Dive Brief:
- California lawmakers approved a sweeping energy package at the end of the legislative session that does not include funding to continue two grid reliability programs, including a virtual power plant advocates believe is the largest in the world.
- Earlier this year, the state faced a $12 billion budget shortfall, and the two programs were in limbo for months as legislators negotiated down to the wire. The bills awaiting Gov. Gavin Newsom’s signature after the session closed Saturday include proposals aimed at bringing down energy costs, expanding the Western grid and codifying virtual power plants in longterm planning.
- Advocates say gutting the Demand Side Grid Support and Distributed Electricity Backup Assets programs threatens to undermine the state’s progress toward a more resilient grid that can respond to system stress by calling on batteries, electric vehicles, rooftop solar panels, smart thermostats and other energy resources that are increasingly common in homes, businesses and institutions.
Dive Insight:
Legislators created DSGS and DEBA in 2022 to try to improve reliability and avoid blackouts during emergencies. At one time, they were slated to receive nearly a billion dollars in state funds.
Kate Unger, senior policy advisor for the California Solar and Storage Association, said the DSGS program alone has more than one gigawatt of enrolled capacity, of which about 750 MW is batteries. The program is run by the California Energy Commission and offers customers, utilities and/or aggregators compensation in exchange for allowing their resources to be dispatched at times of grid stress.
A test event in July saw more than 500 MW of battery energy dispatched to the grid for two hours.
“I think we’re at a point now where I can actually see the program come to a grinding halt,” said Unger. “There appears to be a risk that DSGS providers and customers could participate in 2026 and not get paid.”

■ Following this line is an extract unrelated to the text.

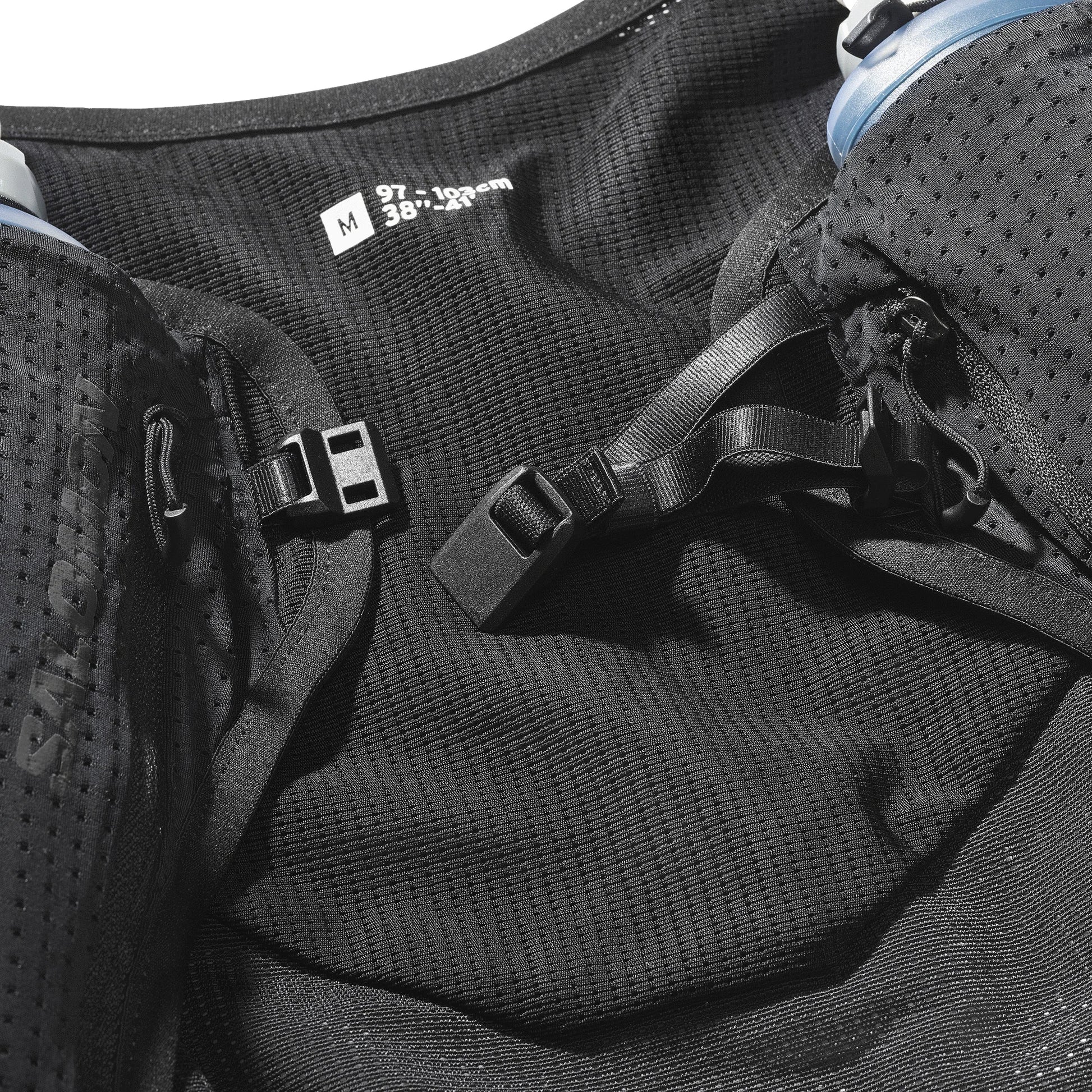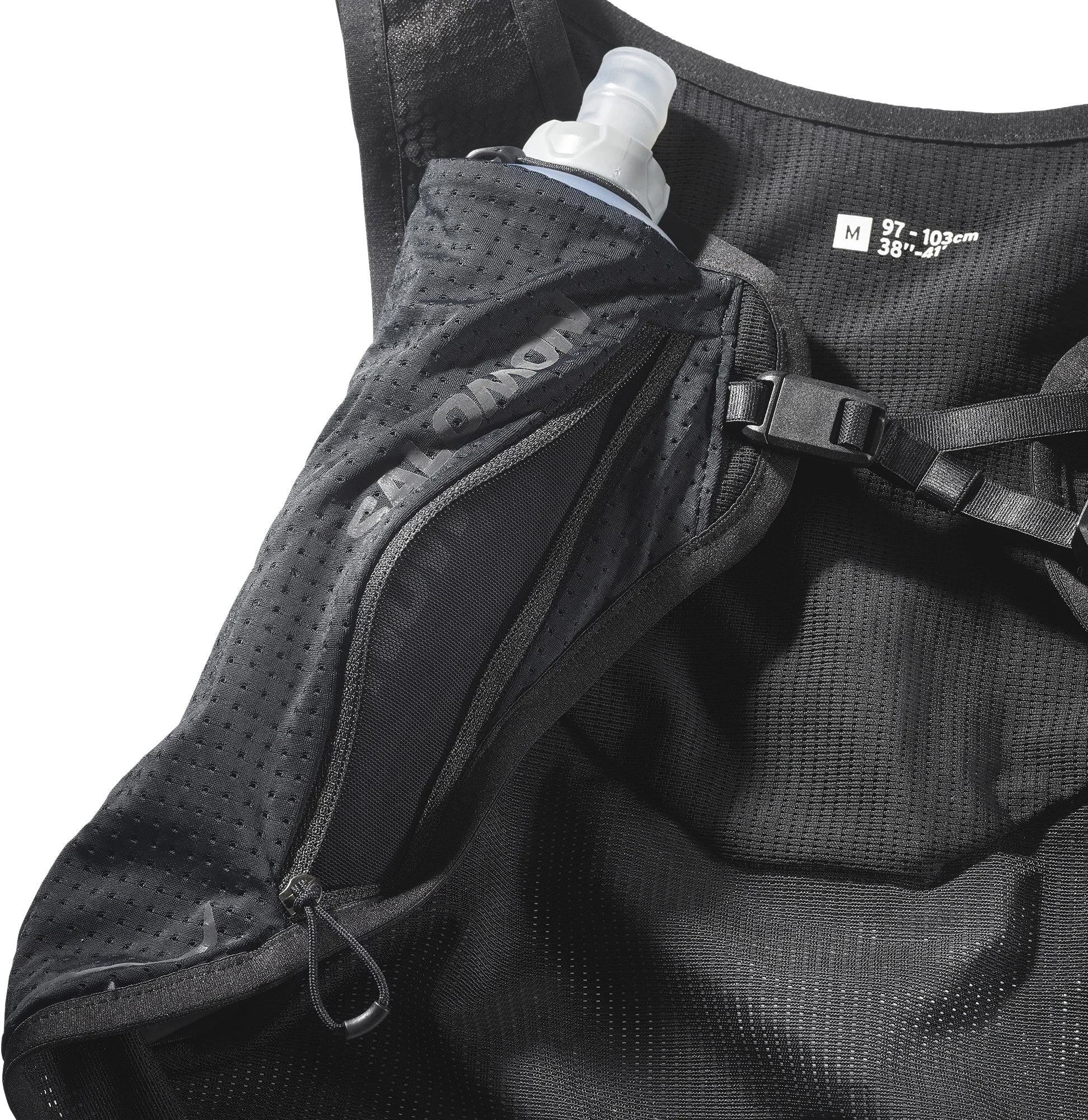 - 2 front flask pockets - Designed to fit Salomon soft flasks, these front pockets limit bouncing. Top elastic loops secure your flasks and keep them ready to drink.

A study by The Brattle Group, commissioned by Sunrun and Tesla Energy, both of which participate in the DSGS program, concluded that the taxpayer-funded virtual power plant could reduce the need for gas peaker plants and has the potential to save ratepayers $206 million between 2025 and 2028.

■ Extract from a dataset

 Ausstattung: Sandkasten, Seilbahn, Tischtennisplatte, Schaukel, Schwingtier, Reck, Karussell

After several rounds of appropriations and clawbacks, the programs had been expected to receive more than $400 million through at least 2028, funded primarily from California’s Greenhouse Gas Reduction Fund, which is funded by its cap and trade program.
Their fate, however, rested on the reauthorization of the cap and trade program, which was the centerpiece of a sprawling energy package that Newsom pushed through. The legislature passed a bill reauthorizing cap and trade and rebranding it as “cap and invest,” but without the grid reliability funding.
Edson Perez, senior principal at Advanced Energy United, expressed disappointment that the programs seemed to have been left on the cutting room floor amid intense negotiations and budget constraints.
“It just went into the black box of negotiations,” he said. “It is a huge missed opportunity.”
Perez said overall, reauthorizing cap and trade was a “great achievement” and he expressed hope that legislators would find another way to fund the grid reliability programs early next year.
“The Governor is steadfast in his commitment to building a more reliable, affordable, clean and safe power grid that can serve the evolving needs of millions of Californians in a hotter, drier climate,” a spokesperson for Newsom wrote in an email. “The reality is that California has rapidly deployed thousands of new megawatts in recent years meaning our grid is more resilient than it’s ever been.”